Given records:
•••
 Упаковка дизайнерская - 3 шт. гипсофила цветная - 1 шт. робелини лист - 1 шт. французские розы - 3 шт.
•••
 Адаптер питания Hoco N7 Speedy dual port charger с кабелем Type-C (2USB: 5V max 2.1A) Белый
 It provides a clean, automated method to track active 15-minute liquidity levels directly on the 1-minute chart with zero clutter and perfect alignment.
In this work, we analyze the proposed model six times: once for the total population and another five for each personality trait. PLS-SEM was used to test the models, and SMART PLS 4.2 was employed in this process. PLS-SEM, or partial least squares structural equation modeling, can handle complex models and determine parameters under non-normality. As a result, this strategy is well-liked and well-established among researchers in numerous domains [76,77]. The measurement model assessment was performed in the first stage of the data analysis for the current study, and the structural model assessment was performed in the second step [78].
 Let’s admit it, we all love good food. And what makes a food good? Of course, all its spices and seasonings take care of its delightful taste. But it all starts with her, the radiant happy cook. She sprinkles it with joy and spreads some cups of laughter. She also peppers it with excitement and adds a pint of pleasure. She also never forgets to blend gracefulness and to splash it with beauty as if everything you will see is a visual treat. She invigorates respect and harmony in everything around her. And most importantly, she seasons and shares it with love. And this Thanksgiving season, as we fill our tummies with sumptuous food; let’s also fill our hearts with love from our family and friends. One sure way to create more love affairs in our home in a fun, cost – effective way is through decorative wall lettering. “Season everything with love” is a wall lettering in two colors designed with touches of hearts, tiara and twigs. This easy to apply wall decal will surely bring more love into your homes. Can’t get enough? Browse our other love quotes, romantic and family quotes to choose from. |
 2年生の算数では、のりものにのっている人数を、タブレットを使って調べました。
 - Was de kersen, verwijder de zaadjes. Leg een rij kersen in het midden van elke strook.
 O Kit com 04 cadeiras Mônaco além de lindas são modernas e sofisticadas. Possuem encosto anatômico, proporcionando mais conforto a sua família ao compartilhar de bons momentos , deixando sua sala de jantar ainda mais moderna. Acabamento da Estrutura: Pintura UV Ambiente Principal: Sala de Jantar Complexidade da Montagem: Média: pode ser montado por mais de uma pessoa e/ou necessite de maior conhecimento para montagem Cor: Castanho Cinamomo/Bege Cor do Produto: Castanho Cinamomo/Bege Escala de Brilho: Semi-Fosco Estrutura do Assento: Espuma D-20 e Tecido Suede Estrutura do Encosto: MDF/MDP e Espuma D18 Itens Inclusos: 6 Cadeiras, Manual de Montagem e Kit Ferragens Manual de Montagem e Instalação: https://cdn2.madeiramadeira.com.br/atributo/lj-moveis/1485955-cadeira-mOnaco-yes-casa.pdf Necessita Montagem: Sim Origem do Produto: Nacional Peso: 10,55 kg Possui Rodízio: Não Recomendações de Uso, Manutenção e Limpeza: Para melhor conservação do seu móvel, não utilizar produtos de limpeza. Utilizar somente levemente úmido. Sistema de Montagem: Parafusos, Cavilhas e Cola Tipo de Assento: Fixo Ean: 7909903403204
•••
Brief:
Of the entries above, repeat exactly the lines from the line with "In this work, we" through the line with "- Was de kersen, verwijder", both of them included.

Your solution:
In this work, we analyze the proposed model six times: once for the total population and another five for each personality trait. PLS-SEM was used to test the models, and SMART PLS 4.2 was employed in this process. PLS-SEM, or partial least squares structural equation modeling, can handle complex models and determine parameters under non-normality. As a result, this strategy is well-liked and well-established among researchers in numerous domains [76,77]. The measurement model assessment was performed in the first stage of the data analysis for the current study, and the structural model assessment was performed in the second step [78].
 Let’s admit it, we all love good food. And what makes a food good? Of course, all its spices and seasonings take care of its delightful taste. But it all starts with her, the radiant happy cook. She sprinkles it with joy and spreads some cups of laughter. She also peppers it with excitement and adds a pint of pleasure. She also never forgets to blend gracefulness and to splash it with beauty as if everything you will see is a visual treat. She invigorates respect and harmony in everything around her. And most importantly, she seasons and shares it with love. And this Thanksgiving season, as we fill our tummies with sumptuous food; let’s also fill our hearts with love from our family and friends. One sure way to create more love affairs in our home in a fun, cost – effective way is through decorative wall lettering. “Season everything with love” is a wall lettering in two colors designed with touches of hearts, tiara and twigs. This easy to apply wall decal will surely bring more love into your homes. Can’t get enough? Browse our other love quotes, romantic and family quotes to choose from. |
 2年生の算数では、のりものにのっている人数を、タブレットを使って調べました。
 - Was de kersen, verwijder de zaadjes. Leg een rij kersen in het midden van elke strook.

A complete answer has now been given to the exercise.